### Source records
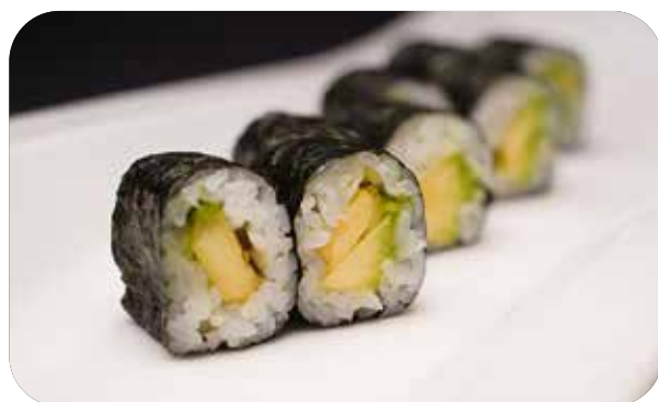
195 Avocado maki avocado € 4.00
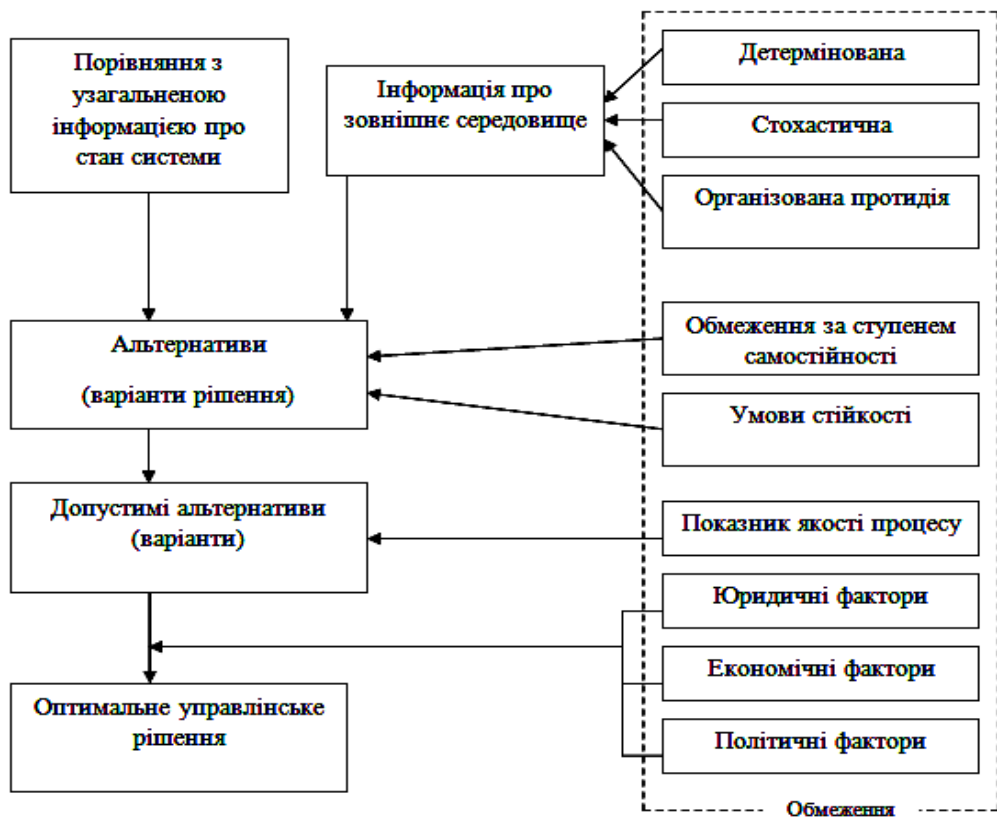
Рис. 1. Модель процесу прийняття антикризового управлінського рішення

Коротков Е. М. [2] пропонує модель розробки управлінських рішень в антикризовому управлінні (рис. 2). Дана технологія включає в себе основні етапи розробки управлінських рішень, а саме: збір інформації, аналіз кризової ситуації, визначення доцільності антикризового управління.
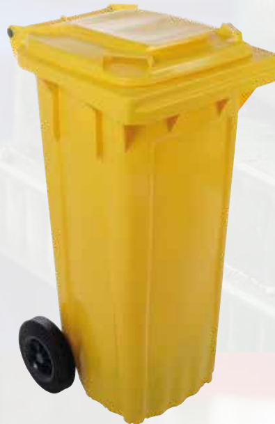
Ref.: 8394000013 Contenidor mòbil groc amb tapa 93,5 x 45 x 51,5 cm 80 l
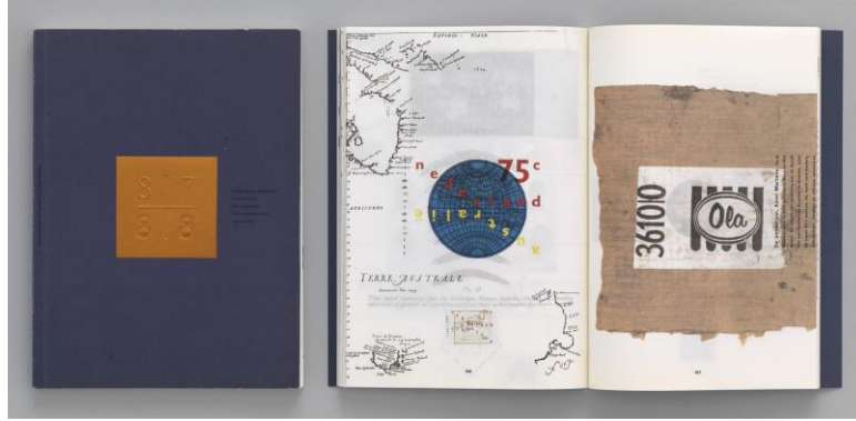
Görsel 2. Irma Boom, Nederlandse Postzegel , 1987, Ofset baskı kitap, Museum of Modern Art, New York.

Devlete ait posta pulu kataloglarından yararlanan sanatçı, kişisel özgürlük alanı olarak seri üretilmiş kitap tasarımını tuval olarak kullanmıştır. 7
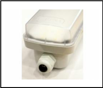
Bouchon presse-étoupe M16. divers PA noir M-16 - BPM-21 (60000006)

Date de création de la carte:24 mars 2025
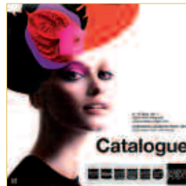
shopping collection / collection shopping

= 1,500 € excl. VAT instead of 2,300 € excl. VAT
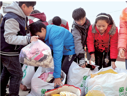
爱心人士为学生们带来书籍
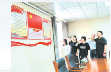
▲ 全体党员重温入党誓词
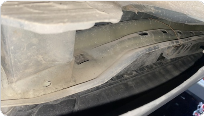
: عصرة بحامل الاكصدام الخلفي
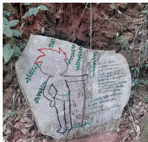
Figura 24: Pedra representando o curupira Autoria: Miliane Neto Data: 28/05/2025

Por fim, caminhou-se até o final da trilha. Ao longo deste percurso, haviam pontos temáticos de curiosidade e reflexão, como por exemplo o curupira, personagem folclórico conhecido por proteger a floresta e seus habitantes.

### What you will do
What you return must match, character for character, the lines above from the one with "Ref.: 8394000013 Contenidor" through the one with "Figura 24: Pedra", minus any pictures.

### Reply to the exercise
Ref.: 8394000013 Contenidor mòbil groc amb tapa 93,5 x 45 x 51,5 cm 80 l
Görsel 2. Irma Boom, Nederlandse Postzegel , 1987, Ofset baskı kitap, Museum of Modern Art, New York.

Devlete ait posta pulu kataloglarından yararlanan sanatçı, kişisel özgürlük alanı olarak seri üretilmiş kitap tasarımını tuval olarak kullanmıştır. 7
Bouchon presse-étoupe M16. divers PA noir M-16 - BPM-21 (60000006)

Date de création de la carte:24 mars 2025
shopping collection / collection shopping

= 1,500 € excl. VAT instead of 2,300 € excl. VAT
爱心人士为学生们带来书籍
▲ 全体党员重温入党誓词
: عصرة بحامل الاكصدام الخلفي
Figura 24: Pedra representando o curupira Autoria: Miliane Neto Data: 28/05/2025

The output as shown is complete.